§ WHAT THE TASK REQUIRES: Each line of the records that includes "dress" should be found and copied.

[Stored items]
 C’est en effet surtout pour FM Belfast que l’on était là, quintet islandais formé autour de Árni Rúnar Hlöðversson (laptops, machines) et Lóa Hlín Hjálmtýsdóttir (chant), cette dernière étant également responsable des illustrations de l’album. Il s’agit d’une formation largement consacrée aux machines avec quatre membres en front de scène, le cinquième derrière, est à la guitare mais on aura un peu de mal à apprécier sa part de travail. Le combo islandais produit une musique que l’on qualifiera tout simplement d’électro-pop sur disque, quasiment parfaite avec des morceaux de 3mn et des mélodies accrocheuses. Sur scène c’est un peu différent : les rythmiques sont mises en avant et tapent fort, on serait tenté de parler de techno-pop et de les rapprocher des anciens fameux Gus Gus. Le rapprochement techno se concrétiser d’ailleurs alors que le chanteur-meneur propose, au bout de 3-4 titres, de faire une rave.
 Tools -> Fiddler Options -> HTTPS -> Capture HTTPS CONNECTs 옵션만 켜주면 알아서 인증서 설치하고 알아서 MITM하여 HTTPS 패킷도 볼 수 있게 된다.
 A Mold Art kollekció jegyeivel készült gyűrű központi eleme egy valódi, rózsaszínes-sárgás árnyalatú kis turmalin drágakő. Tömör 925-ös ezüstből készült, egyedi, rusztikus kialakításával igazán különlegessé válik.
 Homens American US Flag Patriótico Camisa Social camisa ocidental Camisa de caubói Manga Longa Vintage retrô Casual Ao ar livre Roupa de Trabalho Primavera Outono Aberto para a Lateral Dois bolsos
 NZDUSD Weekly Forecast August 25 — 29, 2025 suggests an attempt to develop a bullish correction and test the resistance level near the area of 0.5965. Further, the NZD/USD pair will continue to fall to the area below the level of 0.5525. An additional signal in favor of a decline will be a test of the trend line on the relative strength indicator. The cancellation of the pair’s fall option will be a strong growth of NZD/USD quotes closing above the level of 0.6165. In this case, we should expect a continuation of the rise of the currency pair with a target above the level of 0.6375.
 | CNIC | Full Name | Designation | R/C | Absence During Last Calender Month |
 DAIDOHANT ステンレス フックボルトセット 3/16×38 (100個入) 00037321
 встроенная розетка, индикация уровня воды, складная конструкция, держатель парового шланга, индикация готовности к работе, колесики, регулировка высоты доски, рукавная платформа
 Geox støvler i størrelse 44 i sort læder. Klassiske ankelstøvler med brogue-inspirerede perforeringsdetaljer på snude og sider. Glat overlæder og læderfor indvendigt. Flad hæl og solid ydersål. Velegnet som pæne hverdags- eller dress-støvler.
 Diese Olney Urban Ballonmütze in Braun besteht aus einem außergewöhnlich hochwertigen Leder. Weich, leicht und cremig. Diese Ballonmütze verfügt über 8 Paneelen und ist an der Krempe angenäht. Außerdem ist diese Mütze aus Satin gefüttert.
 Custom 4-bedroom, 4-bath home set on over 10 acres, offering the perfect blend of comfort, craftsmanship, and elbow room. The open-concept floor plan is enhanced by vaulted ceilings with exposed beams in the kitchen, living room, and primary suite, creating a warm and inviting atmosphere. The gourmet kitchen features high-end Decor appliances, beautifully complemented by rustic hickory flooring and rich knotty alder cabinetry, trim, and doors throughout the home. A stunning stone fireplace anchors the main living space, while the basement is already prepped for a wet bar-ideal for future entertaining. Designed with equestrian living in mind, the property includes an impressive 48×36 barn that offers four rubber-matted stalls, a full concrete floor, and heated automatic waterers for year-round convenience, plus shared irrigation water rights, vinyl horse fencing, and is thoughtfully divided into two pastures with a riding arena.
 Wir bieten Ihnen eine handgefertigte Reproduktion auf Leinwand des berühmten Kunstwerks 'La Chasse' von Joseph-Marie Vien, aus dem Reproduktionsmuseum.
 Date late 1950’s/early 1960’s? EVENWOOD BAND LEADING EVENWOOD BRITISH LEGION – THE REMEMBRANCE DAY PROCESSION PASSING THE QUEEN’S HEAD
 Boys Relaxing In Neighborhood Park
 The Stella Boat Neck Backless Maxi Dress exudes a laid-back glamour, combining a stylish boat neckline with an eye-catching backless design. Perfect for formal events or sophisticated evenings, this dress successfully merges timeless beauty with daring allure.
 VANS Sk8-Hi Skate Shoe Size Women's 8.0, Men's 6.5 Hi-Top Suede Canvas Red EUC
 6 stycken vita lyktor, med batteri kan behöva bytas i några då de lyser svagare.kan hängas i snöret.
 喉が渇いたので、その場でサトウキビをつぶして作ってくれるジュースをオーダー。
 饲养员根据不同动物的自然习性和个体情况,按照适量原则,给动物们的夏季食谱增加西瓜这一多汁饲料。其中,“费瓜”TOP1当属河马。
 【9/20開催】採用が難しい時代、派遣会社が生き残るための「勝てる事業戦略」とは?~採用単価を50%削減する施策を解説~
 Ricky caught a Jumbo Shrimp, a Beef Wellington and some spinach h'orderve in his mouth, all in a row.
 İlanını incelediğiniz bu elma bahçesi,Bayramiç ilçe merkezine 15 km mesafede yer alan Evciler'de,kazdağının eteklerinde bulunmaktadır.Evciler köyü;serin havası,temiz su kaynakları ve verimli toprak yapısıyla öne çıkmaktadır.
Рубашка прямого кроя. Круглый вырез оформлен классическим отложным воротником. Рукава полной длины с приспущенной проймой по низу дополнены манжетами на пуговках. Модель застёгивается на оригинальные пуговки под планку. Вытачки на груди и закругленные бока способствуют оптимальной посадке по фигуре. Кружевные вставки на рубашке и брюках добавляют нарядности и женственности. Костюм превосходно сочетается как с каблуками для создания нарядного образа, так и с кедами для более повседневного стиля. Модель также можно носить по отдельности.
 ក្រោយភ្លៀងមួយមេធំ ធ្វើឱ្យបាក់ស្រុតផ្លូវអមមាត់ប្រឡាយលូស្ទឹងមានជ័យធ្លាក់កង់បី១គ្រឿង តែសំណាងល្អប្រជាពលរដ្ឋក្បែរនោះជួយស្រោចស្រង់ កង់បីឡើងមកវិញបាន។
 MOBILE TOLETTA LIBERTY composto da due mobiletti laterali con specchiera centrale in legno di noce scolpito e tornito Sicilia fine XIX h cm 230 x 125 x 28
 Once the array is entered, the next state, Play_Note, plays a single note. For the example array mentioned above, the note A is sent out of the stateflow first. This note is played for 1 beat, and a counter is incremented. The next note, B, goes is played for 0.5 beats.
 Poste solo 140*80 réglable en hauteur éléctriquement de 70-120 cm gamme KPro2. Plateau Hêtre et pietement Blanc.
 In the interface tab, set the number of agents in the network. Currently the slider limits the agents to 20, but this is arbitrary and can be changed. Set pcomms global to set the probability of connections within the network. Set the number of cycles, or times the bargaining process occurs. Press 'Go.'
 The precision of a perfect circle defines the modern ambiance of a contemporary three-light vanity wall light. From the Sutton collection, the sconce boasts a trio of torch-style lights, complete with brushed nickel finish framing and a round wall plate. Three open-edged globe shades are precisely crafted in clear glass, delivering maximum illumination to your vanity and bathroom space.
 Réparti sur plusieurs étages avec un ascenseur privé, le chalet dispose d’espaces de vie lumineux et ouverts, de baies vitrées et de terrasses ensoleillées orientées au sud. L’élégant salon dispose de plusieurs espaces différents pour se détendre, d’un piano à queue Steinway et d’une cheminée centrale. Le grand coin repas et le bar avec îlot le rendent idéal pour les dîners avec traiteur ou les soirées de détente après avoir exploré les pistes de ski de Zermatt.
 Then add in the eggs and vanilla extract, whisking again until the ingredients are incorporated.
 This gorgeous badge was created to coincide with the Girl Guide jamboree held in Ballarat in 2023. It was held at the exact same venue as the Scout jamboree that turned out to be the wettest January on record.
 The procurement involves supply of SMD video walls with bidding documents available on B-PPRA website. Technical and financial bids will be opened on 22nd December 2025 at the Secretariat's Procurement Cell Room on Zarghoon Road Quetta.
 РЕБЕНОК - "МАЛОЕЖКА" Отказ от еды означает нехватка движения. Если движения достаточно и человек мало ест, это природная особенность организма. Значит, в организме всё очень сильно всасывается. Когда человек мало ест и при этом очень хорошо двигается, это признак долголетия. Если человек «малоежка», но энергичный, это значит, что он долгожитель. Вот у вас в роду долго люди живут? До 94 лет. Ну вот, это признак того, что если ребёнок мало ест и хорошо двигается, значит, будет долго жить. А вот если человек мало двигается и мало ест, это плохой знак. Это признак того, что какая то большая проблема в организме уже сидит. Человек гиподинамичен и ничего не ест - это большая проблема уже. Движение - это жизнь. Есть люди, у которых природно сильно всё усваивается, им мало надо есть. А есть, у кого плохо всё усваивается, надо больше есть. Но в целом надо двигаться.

§ OUTPUT FOR THIS TASK:
 Geox støvler i størrelse 44 i sort læder. Klassiske ankelstøvler med brogue-inspirerede perforeringsdetaljer på snude og sider. Glat overlæder og læderfor indvendigt. Flad hæl og solid ydersål. Velegnet som pæne hverdags- eller dress-støvler.
 The Stella Boat Neck Backless Maxi Dress exudes a laid-back glamour, combining a stylish boat neckline with an eye-catching backless design. Perfect for formal events or sophisticated evenings, this dress successfully merges timeless beauty with daring allure.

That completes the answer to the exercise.